Offer in Compromise 35,000 were rejected in 2017, THAT’S GREAT!

Offer In Compromise 35,000 were rejected in 2017, THAT’S GREAT!

Each year, the IRS publishes a “Book Of Data” which describes IRS activity for the period as well as detailed information regarding the IRS budget, tax collection, taxpayer assistance, and all of the many activities of the IRS. One statistic of interest to taxpayers seeking tax debt relief is the rising trend in acceptance of OIC applications.

Ten years ago in 2008 the acceptance rate was only 25%, and it has been creeping up. In year 2017 the IRS Data Book showed that there were 62,000 Offer in Compromise applications. Only 27,000 or 43.5%, of the OIC’s were accepted. This means that 56.5% failed.  This is great news for the OIC applicant.

Why?

There are a number of reasons. First and foremost, the number of tax resolution companies filing bogus OIC’s has thankfully declined. These companies would advertise “Pennies on the Dollar” bogus settlements. They would simply fill out and file the application without the research and support necessary for a successful OIC application.  But there are still 56.5% that fail.

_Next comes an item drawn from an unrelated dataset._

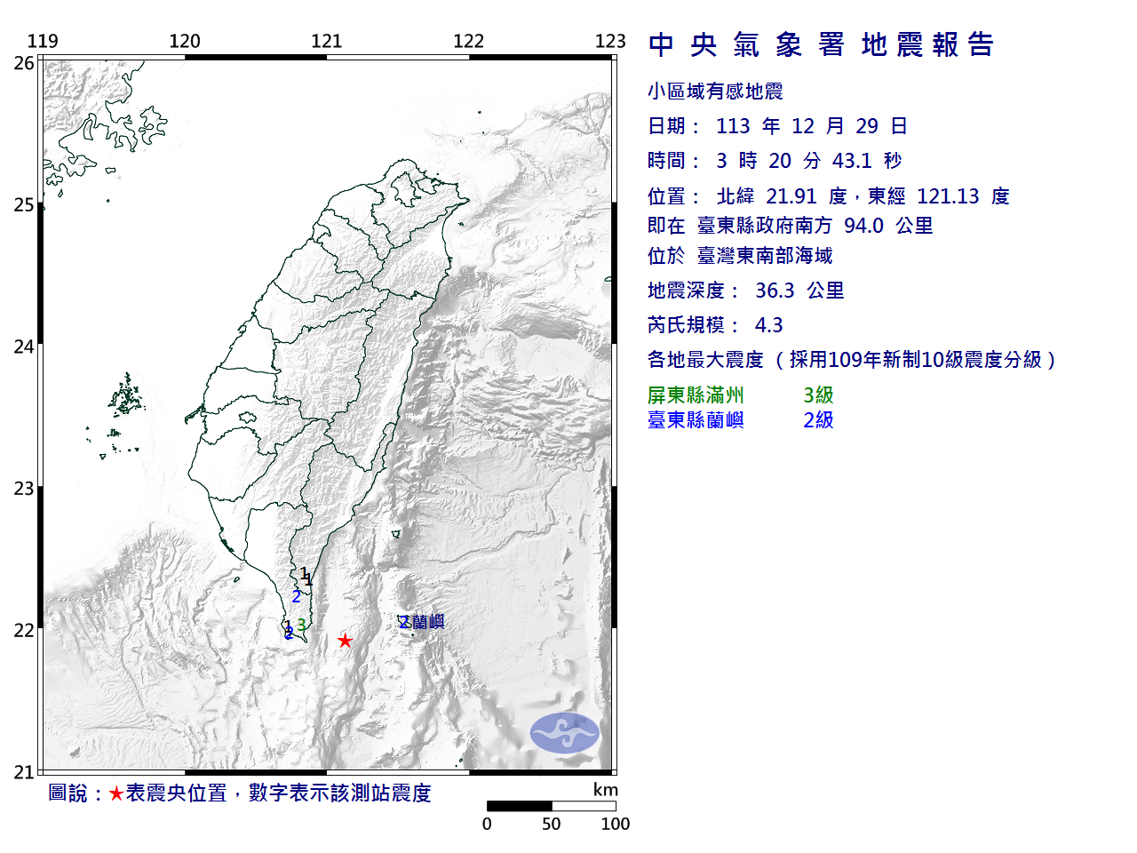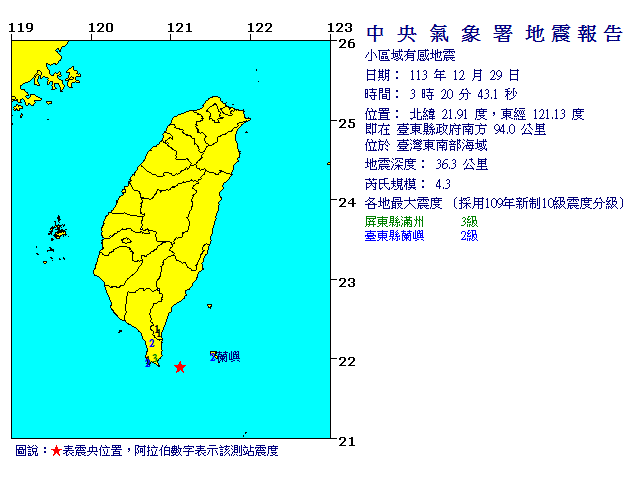 | 發 震 時 間: | 113年12月29日 3時20分43.1秒 |

What makes a successful OIC application? Substantiation!

The IRS requires substantiation of the taxpayers complete and accurate financial situation  in order to approve an Offer In Compromise application. This means absolute proof of all income, assets and expenses. The IRS asserts the OIC application forms; Form 656 along with the financial statement Form 433A, have been created for the average taxpayer to complete, the truth is it can be very complicated and tedious.

An “accepted” OIC is not the same as a “successful” OIC.

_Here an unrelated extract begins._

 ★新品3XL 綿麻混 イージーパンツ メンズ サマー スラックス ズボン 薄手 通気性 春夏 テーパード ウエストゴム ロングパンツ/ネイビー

There’s more to it. Sure the average taxpayer can fill out the forms and provide the substantiation needed for an application to be accepted, but how do you measure success? To me, success is measured with an approval on the LOWEST DOLLAR AMOUNT the IRS will accept. There are many factors, including timing, to consider that the IRS and the applications do not spell out.

  • Did the taxpayer consider past, present and future financial data?
  • Did the taxpayer know the right time of the year to submit the application?
  • Does the taxpayer know how to reshape the numbers by financially grooming themselves into a better offer?
  • Did the taxpayer know that they should have a plan B?
  • Did the taxpayer even consult with a specialist about any of this?

Example

  • A taxpayer carried a debt to the IRS just under $200,000. They were in an Installment Agreement, paying about $800 per month, and they couldn’t keep that up.
  • The taxpayer submitted an OIC with a $2,000 offer. The Offer Specialist didn’t understand the numbers as presented and modified the numbers. 
  • The IRS counter-offered $25,000 settlement. Normally this would be a reasonable counter offer, however, the taxpayer could not pay $25,000. Offer Specialist concluded that they could make a $2000 per month payment. The $2000 payment became the IRS’s default position.
  • IRS Collections was able to use this information to start collections.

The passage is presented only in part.